There is an Error Code that keeps popping up when my laptop computer restarts.  The error code is the following:

There was a problem starting

C:\Users\A-User\Appdata\Roaming\OpenCandy\OpenCandy_0CE0006\B84B14CEEB18478CCEF9BDA22\OpenCandyDlm.dll

The specified module could not be found.


I know it is remnants of some program in the registry somewhere.  I have tried to find it but have been unable to delete it.  Can anyone help me out here?


----------



## Troncoso

Have you run ccleanner?


----------



## johnb35

Use the msconfig utility to stop the program from running.


----------



## Ambushed

Troncoso said:


> Have you run ccleanner?



This - Put ccleaner onto a USB drive then run the computer in safe mode and install then run ccleaner


----------



## johnb35

Troncoso said:


> Have you run ccleanner?





Ambushed said:


> This - Put ccleaner onto a USB drive then run the computer in safe mode and install then run ccleaner



I can guarantee running ccleaner won't help.  Its actually adware from a 3rd party program.  Which program, who knows.  Either use the msconfig utility to carefully go through your startup programs and find the culprit or you can download and run combofix that will automatically get rid of the entry.


----------



## 2048Megabytes

I downloaded and ran Combofix.  It did not get rid of the error.  I think I am going to try CCleaner next.


----------



## TrainTrackHack

Give Spybot S&D a go?


----------



## johnb35

I'm surprised combofix didn't fix it.  Have you tried the msconfig utility yet?  Posting a hijackthis log will help as well.


----------



## fkadrapps

*Easy fix for error! *

Hi everyone,

We have investigated this issue and believe it is related to part of the OpenCandy recommendation system that has experienced an unexpected error condition when it was run. 
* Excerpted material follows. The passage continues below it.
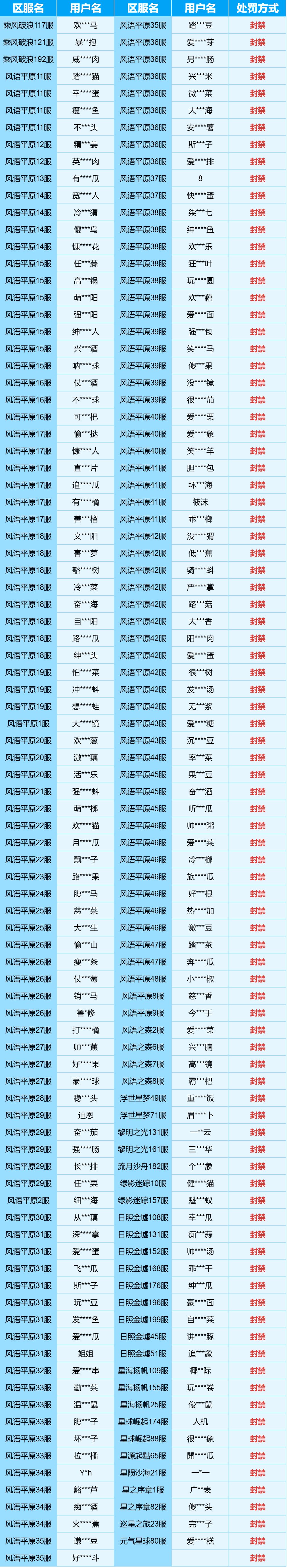 11月13日12:01至11月20日12:00期间,封禁名单公示:

The OpenCandy recommendation system may have been part of a software installer that you recently ran. It is used by developers to recommend additional software products during their installation process, and if you accepted such an offer our download manager would have been invoked temporarily to help download it for you. After the download manager finishes, it is designed to clean up after itself, but in this case an error has prevented it from removing a scheduled task.

Rest assured that no harm has been done, and that the error message you see is simply alerting you that the system is trying to start our download manager to complete a download after you restarted your computer, but our download manager has already removed itself from your system. All that you need to do is remove the scheduled task that is attempting to start the download manager when you start your computer. To make this easy for anyone to fix, we've created a new tool that solves the problem automatically. 

Simply download and run the tool and choose "Yes" when it asks if it should "Remove orphaned OpenCandy tasks?". This operation will take only seconds to complete and afterwards you should receive no more error messages from RunDLL32. The tool is available for download here: http://oclink.us/ocdlmhf1 

We apologize for any inconvenience, and we want to assure you that we always strive to achieve a great user experience. With that in mind, we've already taken steps to prevent this error from reoccurring, and we hope that the tool we have provided you with has helped resolve your problem.

Please let me know if you have any questions and I'll be happy to help! 

Be good and be well. 

Andrew (formerly known as Doc Dr. Apps)
twitter.com/drapps


----------